((

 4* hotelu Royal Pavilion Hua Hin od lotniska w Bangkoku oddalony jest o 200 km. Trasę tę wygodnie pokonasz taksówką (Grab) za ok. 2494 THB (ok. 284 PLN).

))
((

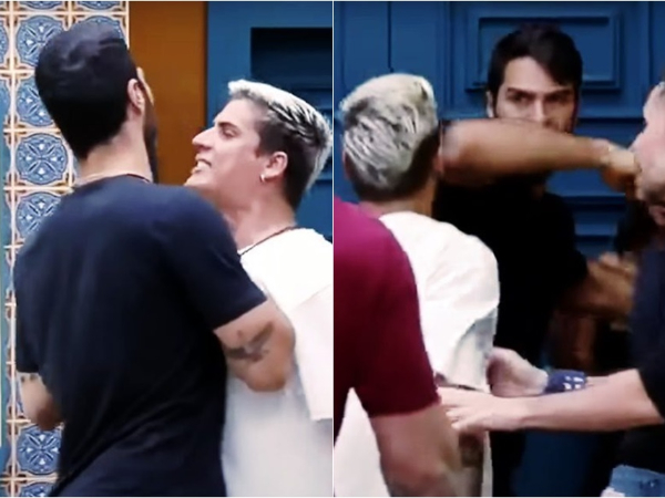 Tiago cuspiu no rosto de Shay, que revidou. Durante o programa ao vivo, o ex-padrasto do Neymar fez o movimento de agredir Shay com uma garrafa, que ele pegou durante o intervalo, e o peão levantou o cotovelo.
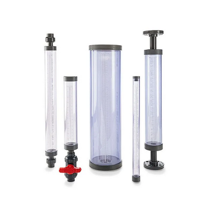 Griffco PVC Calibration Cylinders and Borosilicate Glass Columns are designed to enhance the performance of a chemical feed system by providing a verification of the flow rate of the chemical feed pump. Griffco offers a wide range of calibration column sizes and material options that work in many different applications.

))
((

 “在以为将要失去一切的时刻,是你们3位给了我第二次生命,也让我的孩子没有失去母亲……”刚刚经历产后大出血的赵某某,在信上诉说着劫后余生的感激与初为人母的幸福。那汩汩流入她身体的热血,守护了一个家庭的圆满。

))

▸ REQUIRED ACTION
Once the line with "Tiago cuspiu no" is found above, print it and every line after it through the line with "Griffco PVC Calibration", exactly. Pictures stay out.

▸ EXERCISE RESULT
 Tiago cuspiu no rosto de Shay, que revidou. Durante o programa ao vivo, o ex-padrasto do Neymar fez o movimento de agredir Shay com uma garrafa, que ele pegou durante o intervalo, e o peão levantou o cotovelo.
 Griffco PVC Calibration Cylinders and Borosilicate Glass Columns are designed to enhance the performance of a chemical feed system by providing a verification of the flow rate of the chemical feed pump. Griffco offers a wide range of calibration column sizes and material options that work in many different applications.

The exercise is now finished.